THE DATA —
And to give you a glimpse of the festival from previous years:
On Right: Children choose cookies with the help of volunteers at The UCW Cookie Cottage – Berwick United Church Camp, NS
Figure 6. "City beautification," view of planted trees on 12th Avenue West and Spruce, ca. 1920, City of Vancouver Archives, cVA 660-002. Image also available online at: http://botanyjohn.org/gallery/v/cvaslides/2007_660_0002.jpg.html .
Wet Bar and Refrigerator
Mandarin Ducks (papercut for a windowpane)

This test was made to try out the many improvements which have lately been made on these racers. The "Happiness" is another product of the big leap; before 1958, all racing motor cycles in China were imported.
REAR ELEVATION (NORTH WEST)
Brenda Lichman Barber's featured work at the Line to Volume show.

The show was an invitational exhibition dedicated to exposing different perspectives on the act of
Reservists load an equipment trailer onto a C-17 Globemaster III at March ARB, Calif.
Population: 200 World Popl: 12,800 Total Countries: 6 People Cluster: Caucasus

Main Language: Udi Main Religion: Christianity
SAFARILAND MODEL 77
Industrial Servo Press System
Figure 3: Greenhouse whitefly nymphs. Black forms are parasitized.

--

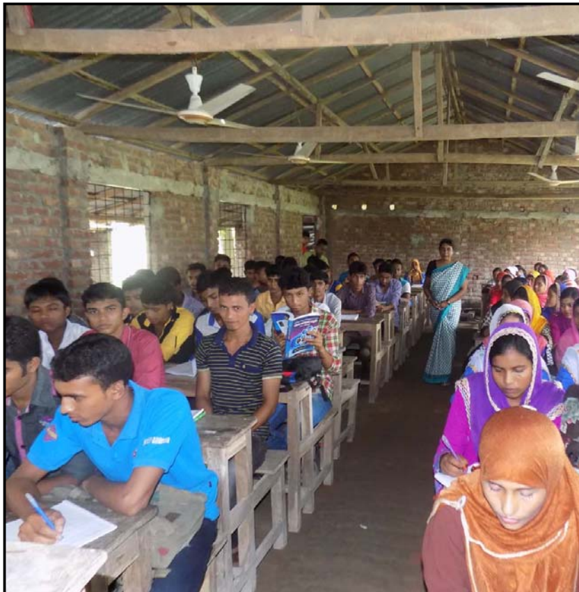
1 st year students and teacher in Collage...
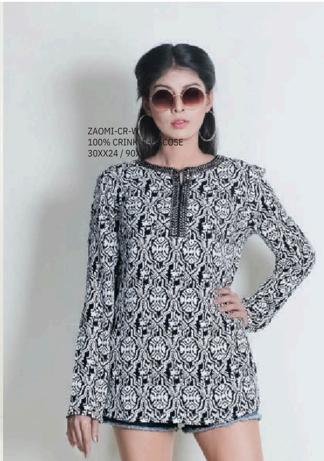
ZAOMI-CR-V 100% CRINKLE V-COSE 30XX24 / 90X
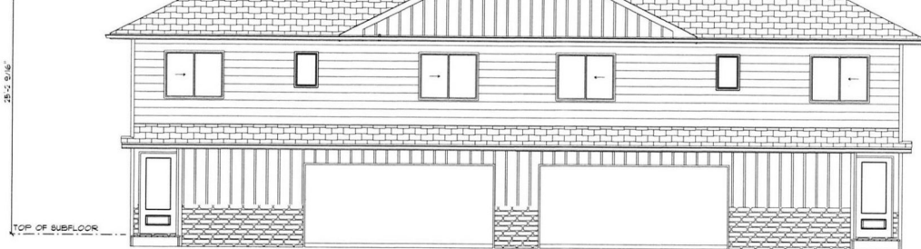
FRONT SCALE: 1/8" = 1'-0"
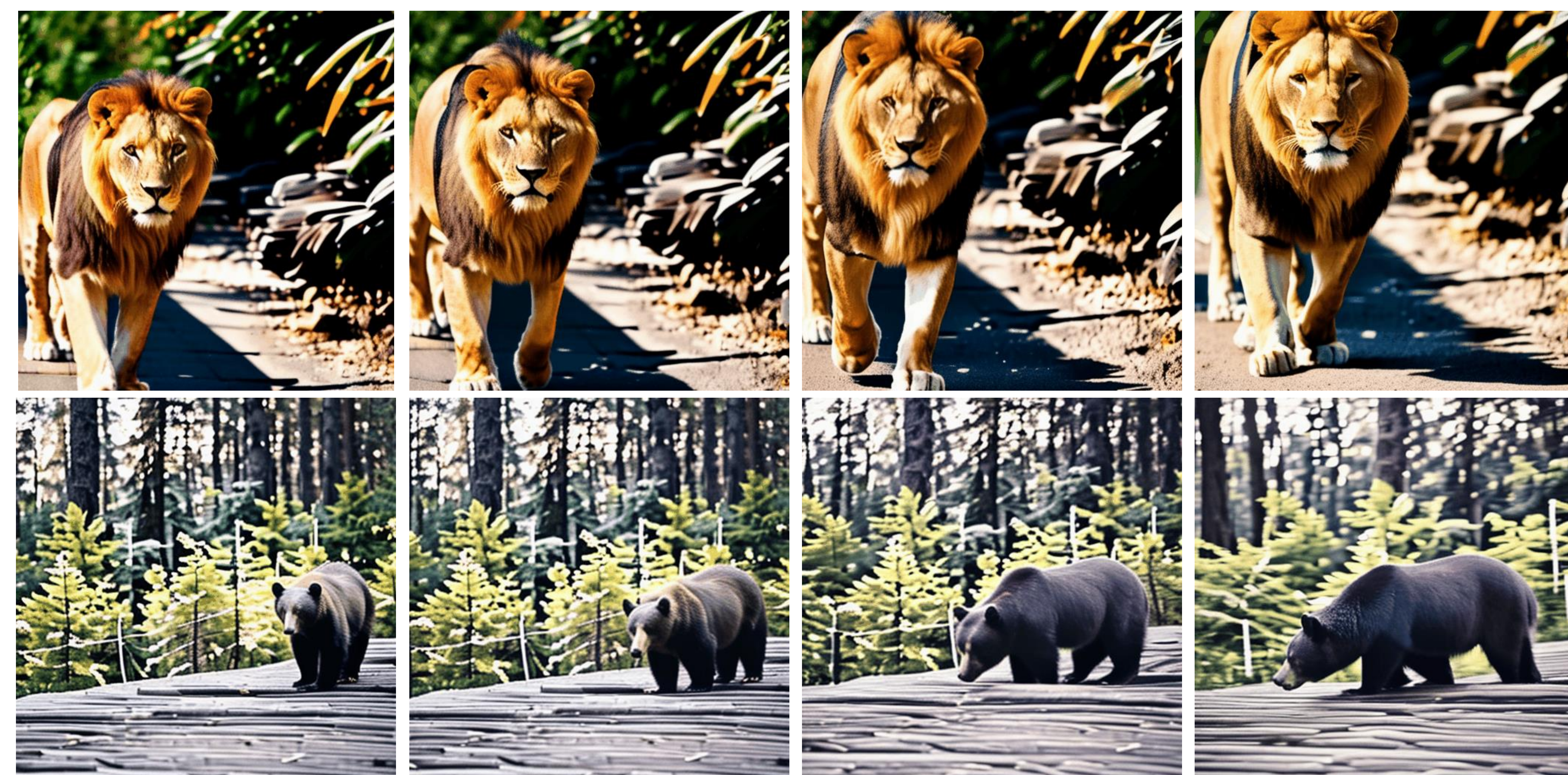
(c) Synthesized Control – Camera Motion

PROBLEM — Only one stretch of the data above is needed. Restate it word for word, from the line containing "Mandarin Ducks (papercut for a windowpane)" through the line containing "Figure 3: Greenhouse", both ends included.

TASK RESULT —
Mandarin Ducks (papercut for a windowpane)

This test was made to try out the many improvements which have lately been made on these racers. The "Happiness" is another product of the big leap; before 1958, all racing motor cycles in China were imported.
REAR ELEVATION (NORTH WEST)
Brenda Lichman Barber's featured work at the Line to Volume show.

The show was an invitational exhibition dedicated to exposing different perspectives on the act of
Reservists load an equipment trailer onto a C-17 Globemaster III at March ARB, Calif.
Population: 200 World Popl: 12,800 Total Countries: 6 People Cluster: Caucasus

Main Language: Udi Main Religion: Christianity
SAFARILAND MODEL 77
Industrial Servo Press System
Figure 3: Greenhouse whitefly nymphs. Black forms are parasitized.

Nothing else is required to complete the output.